Additionally, the container requires permissions to access these directories and files. If you have particularly restrictive file permissions set (e.g. on Linux, denying read/write to "other"), you may need to relax them.

Testing

The project contains various tests which were used in development to verify that the application works. As a standard user, you probably don't need to care about testing, but a brief overview will be given here anyway.

There are two types of tests: unit tests and integration tests.
Unit tests individually test components within the application.

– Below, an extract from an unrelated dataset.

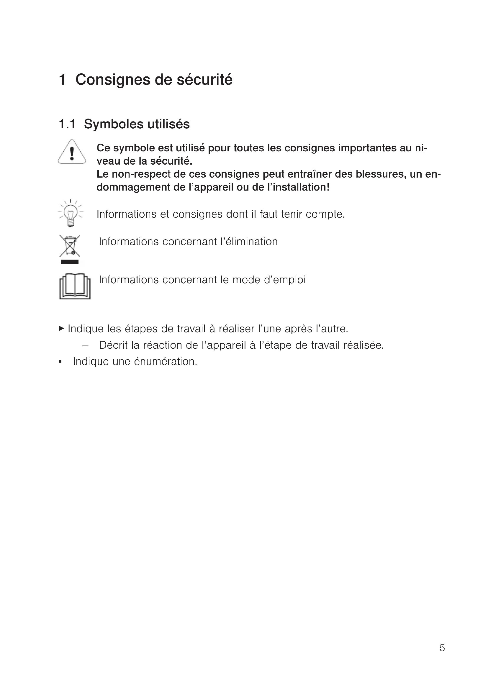 Ce symbole est utilisé pour toutes les consignes importantes au ni- veau de la sécurité. Le non-respect de ces consignes peut entraîner des blessures, un en- dommagement de l’appareil ou de l’installation! Informations et consignes dont il faut tenir compte. Informations concernant l’élimination Informations concernant le mode d’emploi

These are split further into two types: nonparallelised tests and parallelised tests.
Integration tests test the application as a whole.

Unit Testing

The nonparallelised and parallelised unit tests are contained in the local_unit_test and mpi_unit_test targets, respectively. These are built similarly to the main target. For example, for building nonparallelised tests on your personal machine:

./docker_build.sh local_unit_test Release personal docker

Running the test targets is different to the main application, however, as test data is required to be mounted into the container at runtime.
The docker_run_local_unit_test.sh and docker_run_mpi_unit_test.sh scripts are provided, which do the required setup.

For example, running the nonparallelised tests on your personal machine:

./docker_run_local_unit_test.sh ./test_tmp

Where ./test_tmp is a directory to use as working space.

Please see docker_run_local_unit_test.sh and docker_run_mpi_unit_test.sh for details.

Integration Testing

The integration testing is performed by a Python Pytest suite which invokes the main target, such that tests are performed externally to the application.

The general form of running the integration tests is as follows:

python3 -m pytest --runScript=<runScript> --workingDir=<workingDir> ./test/integration/

<runScript> is an executable (script or binary) which invokes the application as if by a standard user.

<workingDir> is a directory to use for temporary working space (i.e. input and output for the application). To run the entire test suite at once, hundreds of gigabytes of space is required in this directory. Note that this directory must be accessible and shared by all nodes/processes which run the application.

./test/integration/ is the path which Pytest will search for the test code.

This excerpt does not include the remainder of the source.